In particular, he should end the Manhattan skyline of marginal tax rates across the earnings distribution, which means that some employees face marginal tax rates of around 60 per cent when they are earning between £50,000 and £60,000 and £100,000 and £125,000 due to the withdrawal of child benefits and personal allowances in these income brackets. These changes would create a simpler tax system that improves the incentives to work, save, and invest, for some of the most productive people in the labour market.
There is a risk of inflation given the disruption to supply chains constrained by Covid restrictions and rising oil and commodity prices. Although zero interest rates mean that monetary policy has been ineffective as a stimulus over the last decade, it has actually become stronger as a tool of tightening. The current environment of corporate leverage upwards means that tighter monetary conditions may be a more powerful instrument to curb economic activity than twenty years ago.
Despite the fact that a return to higher interest rates and a more normal bond market yield curve will push up the cost of servicing debt, it will improve the micro-economic functioning of money and credit markets. Looser fiscal conditions offset by tighter monetary conditions is undoubtedly a preferable macro-economic mix to that exercised over the last decade.
Reform of the planning system offers the greatest potential yield in terms of deregulatory reform, with particular benefits to the supply side of the economy and for renters trying to get onto the property ladder. Covid has only accelerated the need for planning reform, as the pandemic appears to have expedited trends in the use of technology, remote working and internet shopping.
This will result in a reallocation of capital and resources, meaning that there is changing demand for the location and nature of homes, business premises, office space and the use of buildings in city centres. Fundamental reform of the planning system will ease these shifts allowing for a more efficient and productive use of land and capital.
Regardless of what happens in the Budget tomorrow, it is vital that policy makers are nimble and responsive to changes in economic circumstances over the next year. Economic data over the course of the Covid crisis has been particularly unreliable, which means we are effectively flying blind.
The yo-yoing falls and rises of GDP are out of the parameters of the models to forecast the economy, the practical work of data collected by statisticians has been hampered, the weights employed in index numbers are distorted by changing behaviour, and Government interventions such as the furlough scheme have distorted our understanding of idle resources in the economy.
This has compounded issues in the collection of key data that was emerging before the crisis, such as the difficulty of measuring the effect of intangible assets on the economy.
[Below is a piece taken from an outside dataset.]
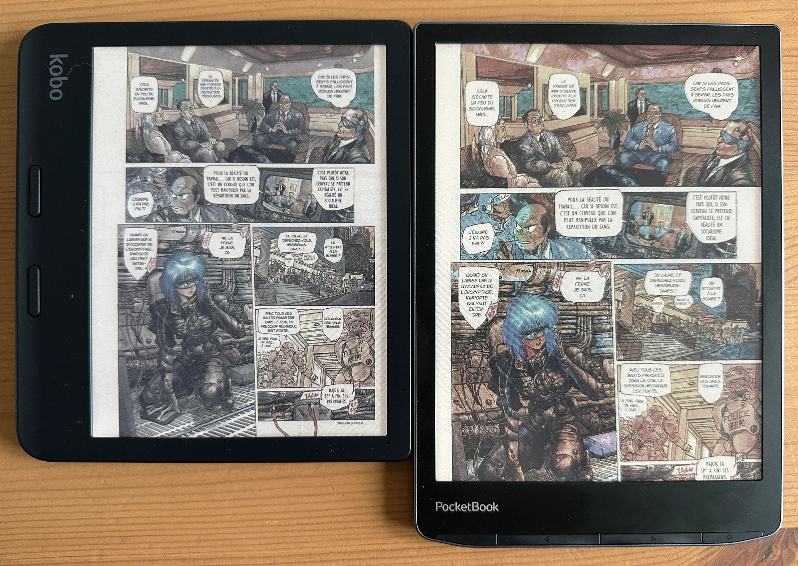 There is quite a difference despite both devices using the same type of display (Eink Kaleido 3) and the same ebook-file: -> https://www.reddit.com/r/pocketbook/..._colour_outch/ -> https://www.reddit.com/r/ereader/com..._libra_colour/ It would be nice if Kobo added an option that lets you choose between different color saturations (without having to go into devmode).

Economists and policy makers must therefore be particularly flexible in their approach to fiscal and monetary policy over the next year, a time frame in which we can expect to see huge shifts in production and consumption as we come out of the pandemic.
Although we do not know how strong the recovery will be, the Government must do all in its power to ensure we regain the full productive potential of the UK economy pre-Covid and stimulate future growth. While there are questions as to how much consumers will spend their accrued savings, the fact remains that interest rates are almost zero and there is slack in the economy that the public sector balance sheet should take up. Now is not the time to slam on the brakes and cut back on the use of fiscal policy as support.